Insertable records in Datasource v2.

classic Classic list List threaded Threaded
3 messages Options
Reply | Threaded
Open this post in threaded view
|

Insertable records in Datasource v2.

Rahul Kumar
I'm implementing V2 datasource for a custom datasource.

I'm trying to insert a record into a temp view, in following fashion.

insertDFWithSchema.createOrReplaceTempView(sqlView)
spark.sql(s”insert into $sqlView  values (20000, ‘insert_record1’, 200,
23000), (20001, ‘insert_record2’, 201, 23001)“). where insertDFWithSchema is
some dataframe loaded from custom data source.

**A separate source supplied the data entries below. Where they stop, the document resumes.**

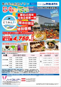 こんにちは。 東北海道トラベルハートフルツアーよりご案内です。 2022年6月で東北海道トラベルハートフルツアーは 創立40周年を迎えました。 記念企画第一弾として、 「ニュー阿寒ホテル」特別宿泊プランを発売中です!! 6/17.20.22.27.28.29のご宿泊限定で、 どうみん割適用で1泊2食付き4.750円から!! さらにほっかいどう応援クーポン付き! 是非お気軽にお問い合わせください。 皆様のご相談お待ちしております。 東北海道トラベル中標津店 TEL:0153-73-4572
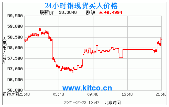 铜价格走势图今日最新铜价行情(2021年2月23日) 今日最新铜价:58.3846涨跌:0.4994 备注:以上铜价格仅供参考,请以官方价格为准。
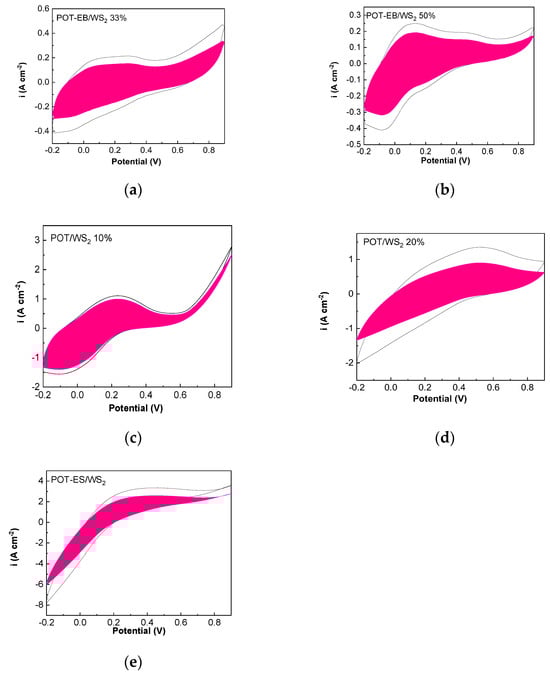Deconvoluted intercalation (pink area) and capacitance (white area) processes of the POT-EB/WS2 composites with WS2 concentrations of 33 wt.% (a) and 50 wt.% (b); the POT/WS2 composite with a WS2 concentration in the composite mass equal to 10 wt.% (c) and 20 wt.% (d), prepared by the ICP method; and the POT-ES/WS2 composite obtained by the ECP method (e), when the cyclic voltammograms were recorded at a scan rate of 100 mV s−1.

I end up getting following exception

*org.apache.spark.sql.AnalysisException: unresolved operator
'InsertIntoTable RelationV2* mydb[id#63, name#64, age#65, salary#66]
(Options:
[mydb.updateByKey=id,mydb.namespace=test,paths=[],mydb.set=input_data,mydb.se...),
false, false;;
'InsertIntoTable RelationV2 mydb[id#63, name#64, age#65, salary#66]
(Options:
[mydb.updateByKey=id,mydb.namespace=test,paths=[],mydb.set=input_data,mydb.se...),
false, false
+- LocalRelation [col1#88, col2#89, col3#90, col4#91]
  at
org.apache.spark.sql.catalyst.analysis.CheckAnalysis$class.failAnalysis(CheckAnalysis.scala:43)
  at
org.apache.spark.sql.catalyst.analysis.Analyzer.failAnalysis(Analyzer.scala:95)
  at
org.apache.spark.sql.catalyst.analysis.CheckAnalysis$$anonfun$checkAnalysis$3.apply(CheckAnalysis.scala:431)
  at
org.apache.spark.sql.catalyst.analysis.CheckAnalysis$$anonfun$checkAnalysis$3.apply(CheckAnalysis.scala:430)
  at
org.apache.spark.sql.catalyst.trees.TreeNode.foreachUp(TreeNode.scala:126)
  at
org.apache.spark.sql.catalyst.analysis.CheckAnalysis$class.checkAnalysis(CheckAnalysis.scala:430)
  at
org.apache.spark.sql.catalyst.analysis.Analyzer.checkAnalysis(Analyzer.scala:95)
  at
org.apache.spark.sql.catalyst.analysis.Analyzer$$anonfun$executeAndCheck$1.apply(Analyzer.scala:108)
  at
org.apache.spark.sql.catalyst.analysis.Analyzer$$anonfun$executeAndCheck$1.apply(Analyzer.scala:105)
  at
org.apache.spark.sql.catalyst.plans.logical.AnalysisHelper$.markInAnalyzer(AnalysisHelper.scala:201)
  at
org.apache.spark.sql.catalyst.analysis.Analyzer.executeAndCheck(Analyzer.scala:105)
  at
org.apache.spark.sql.execution.QueryExecution.analyzed$lzycompute(QueryExecution.scala:58)
  at
org.apache.spark.sql.execution.QueryExecution.analyzed(QueryExecution.scala:56)
  at
org.apache.spark.sql.execution.QueryExecution.assertAnalyzed(QueryExecution.scala:48)
  at org.apache.spark.sql.Dataset$.ofRows(Dataset.scala:78)
  at org.apache.spark.sql.SparkSession.sql(SparkSession.scala:643)
  ... 40 elided


In V1 datasource implementation, I had insertable trait in BaseRelation. In
v2, I'm not sure how it could be achieved. I have also tried implementing
insertable trait in DefaultSource.   Any input would be extremely helpful.

Thanks,
Rahul



--
Sent from: http://apache-spark-user-list.1001560.n3.nabble.com/

---------------------------------------------------------------------
To unsubscribe e-mail: [hidden email]

Reply | Threaded
Open this post in threaded view
|

Re: Insertable records in Datasource v2.

Jacek Laskowski
Hi Rahul,

I think it's not and will not be supported. You should report an issue in JIRA at https://issues.apache.org/jira/projects/SPARK, but don't expect a solution with temporary views though.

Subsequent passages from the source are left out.